DOS. Y entonces leo de nuevo a Cristina Vela, la «tinta pura azul» prestada por Louis Aragon para su bolígrafo, la confidencia que salta de un pupitre a otro, de la carpeta de la amiga a la carpeta de la desconocida: «somos el accidente de un grano de arena en la playa». El dolor nuclear aunque minúsculo, imprescindible pese a lo imperceptible; el dolor que escapa de la primera vista, duele en el tiempo. Ser sola y a un tiempo ser en plural: pronunciar somos, despojarse del nombre para reconocerse mujer, sin más, e integrarse en un somos que permita a la lectora, al lector, conocer a Koller y a Baudin, enternecer nuestros talones, tocar las falanges de nuestros pies «con las piernas abiertas».
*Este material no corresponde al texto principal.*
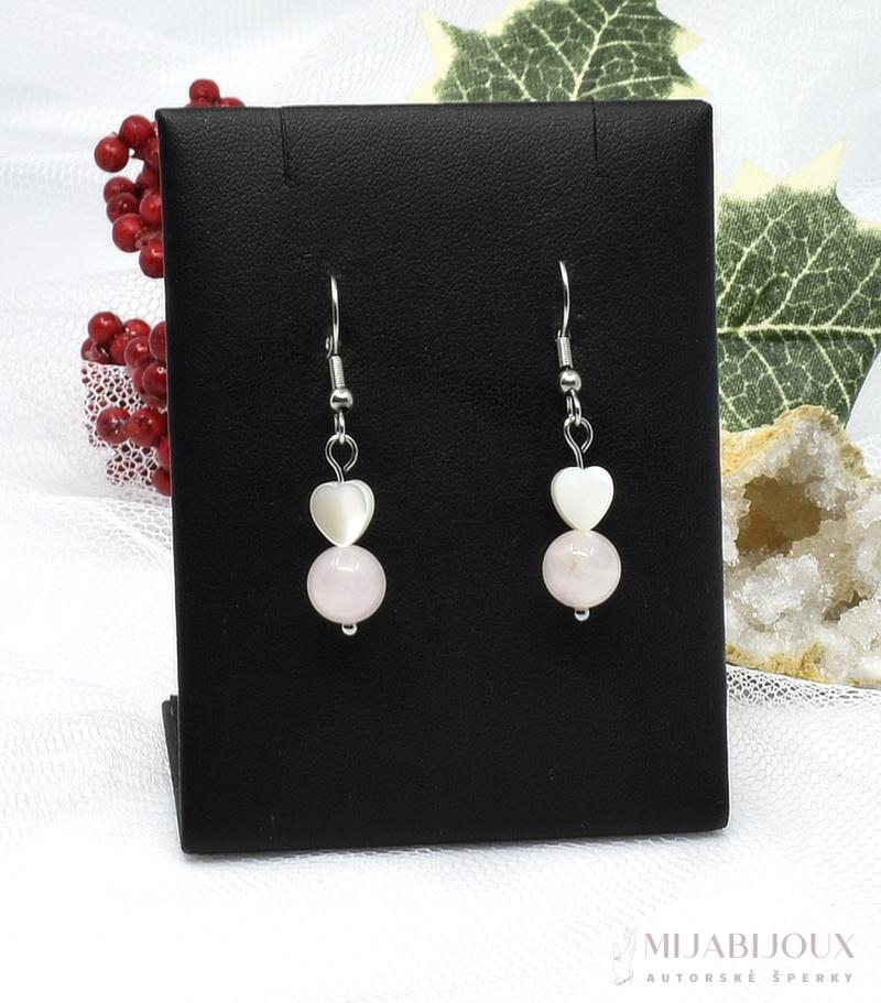 Korálky z růženínu o velikosti 8 mm, korálky ve tvaru srdíčka z pravé perleti jsou navlečeny na ketlovací jehlu z chirurgické oceli a zavěšeny na afroháčky z chirurgické oceli.

UNO. Cae, oceánico, el cuerpo. El cabello se desliza como tentáculo de medusa, la mujer se enfrenta a la ballena, planta cara al olvido, al dolor. Cápsula de memoria, valiente incluso así, porque los huesos y la carne nos subrayan –vulnerables– ante quienes hurgan en qué somos. El mar acoge. Mina. Obliga.
CERO. Medusas, ballenas, extrañas y oscuras compañías, puntos cardinales de lo desconocido. No Jonás, no Ismael: pero llamadme. reprocharán, no obstante, «tu espíritu inocente esconde lo mismo que en los demás», y ella asentirá– y más hermosa todavía, bella y viva, cuando se precipita al mundo; empeñada en el límite, sabemos de sus debilidades y de sus fortalezas, sabemos que no se arrepiente y que su verbo y su trazo significan la verdadera oposición al otro, ballena blanca, oscuro mundo real. Entonces zapatos altos para –bendita paradoja– no tropezar en un desolado alrededor, nunca olvidar daño tras daño: imaginamos que pide no me llaméis Jonás, no me llaméis Ismael, pues ni mi dolor ni yo existiremos mientras no exista una palabra que nos identifique.